# TO DO
The output should match, line for line, the records from the line containing "研读区内书香静谧,备考氛围浓" through the line containing "1.民间借贷纠纷民事起诉状、答辩状", with every picture left out.

# INFORMATION SHOWN
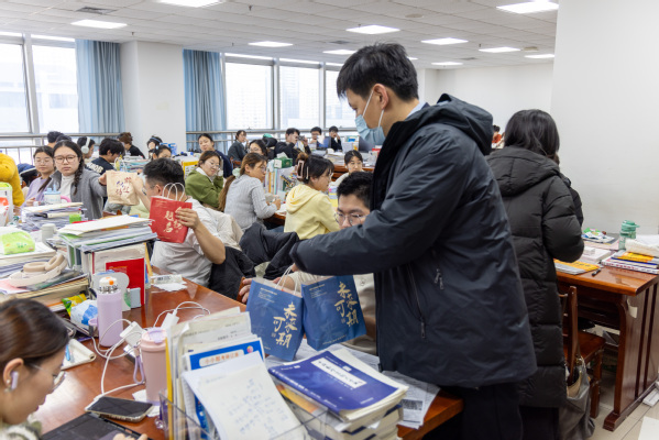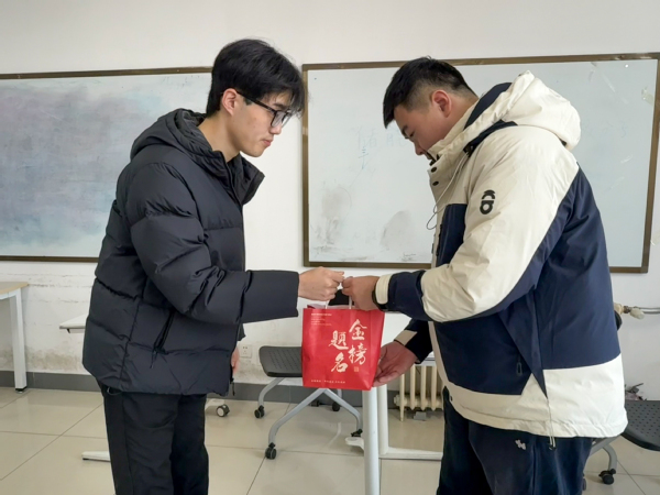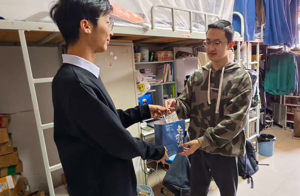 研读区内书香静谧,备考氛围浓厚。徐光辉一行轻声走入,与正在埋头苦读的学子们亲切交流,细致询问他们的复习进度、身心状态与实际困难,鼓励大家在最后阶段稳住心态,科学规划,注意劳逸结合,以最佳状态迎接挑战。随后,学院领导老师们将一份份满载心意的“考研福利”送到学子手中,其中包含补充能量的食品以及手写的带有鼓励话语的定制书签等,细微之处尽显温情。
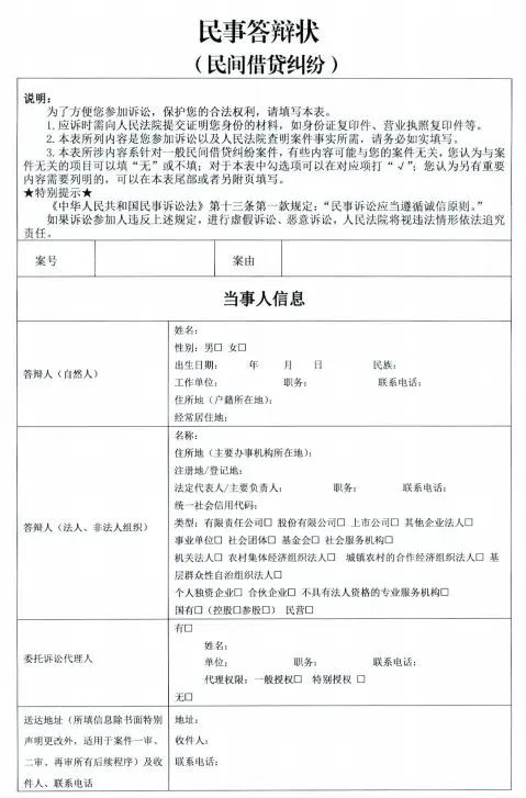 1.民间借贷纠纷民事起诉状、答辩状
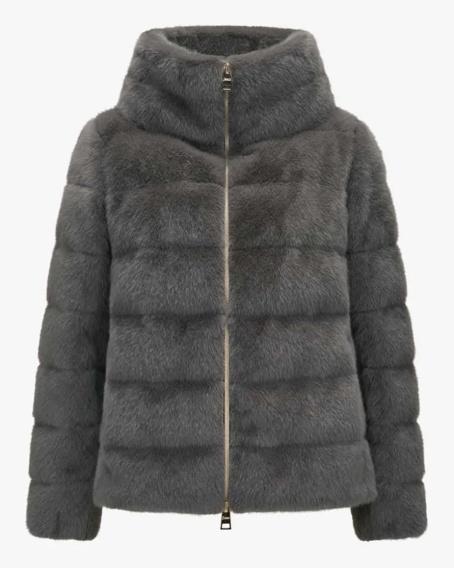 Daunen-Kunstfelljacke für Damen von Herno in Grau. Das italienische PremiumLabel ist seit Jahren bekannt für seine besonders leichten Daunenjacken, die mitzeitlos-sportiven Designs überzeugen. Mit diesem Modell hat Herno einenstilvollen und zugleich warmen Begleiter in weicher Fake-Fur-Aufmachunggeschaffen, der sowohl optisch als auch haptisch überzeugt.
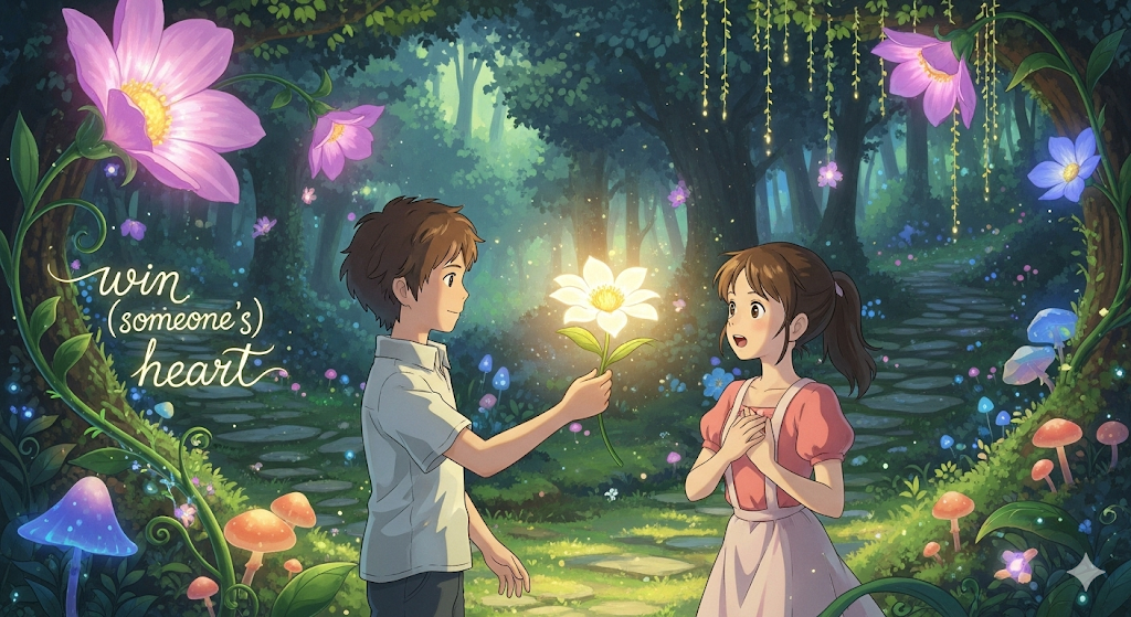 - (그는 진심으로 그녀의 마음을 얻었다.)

* * *

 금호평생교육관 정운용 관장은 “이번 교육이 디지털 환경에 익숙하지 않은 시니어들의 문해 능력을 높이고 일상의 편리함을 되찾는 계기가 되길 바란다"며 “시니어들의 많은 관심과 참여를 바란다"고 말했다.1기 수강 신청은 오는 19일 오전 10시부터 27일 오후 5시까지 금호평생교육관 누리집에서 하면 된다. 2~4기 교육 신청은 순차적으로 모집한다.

...

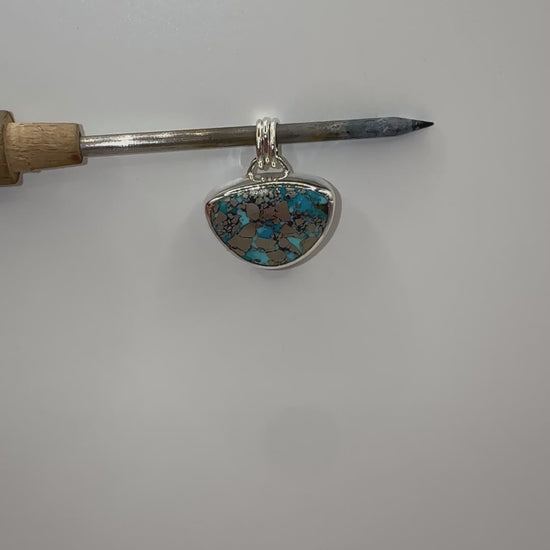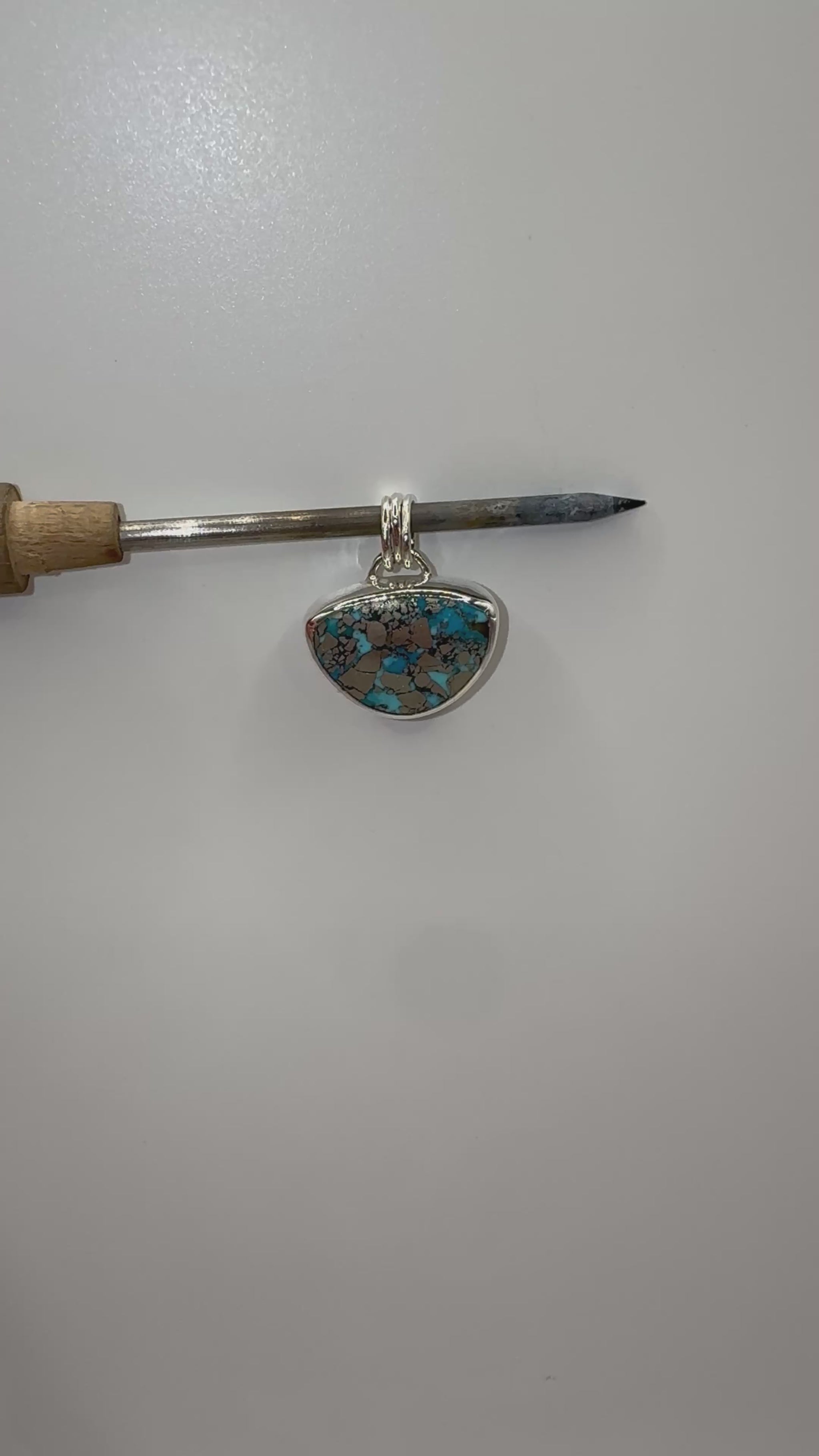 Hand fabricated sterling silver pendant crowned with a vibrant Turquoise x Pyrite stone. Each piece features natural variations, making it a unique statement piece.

# TASK ANSWER
 研读区内书香静谧,备考氛围浓厚。徐光辉一行轻声走入,与正在埋头苦读的学子们亲切交流,细致询问他们的复习进度、身心状态与实际困难,鼓励大家在最后阶段稳住心态,科学规划,注意劳逸结合,以最佳状态迎接挑战。随后,学院领导老师们将一份份满载心意的“考研福利”送到学子手中,其中包含补充能量的食品以及手写的带有鼓励话语的定制书签等,细微之处尽显温情。
 1.民间借贷纠纷民事起诉状、答辩状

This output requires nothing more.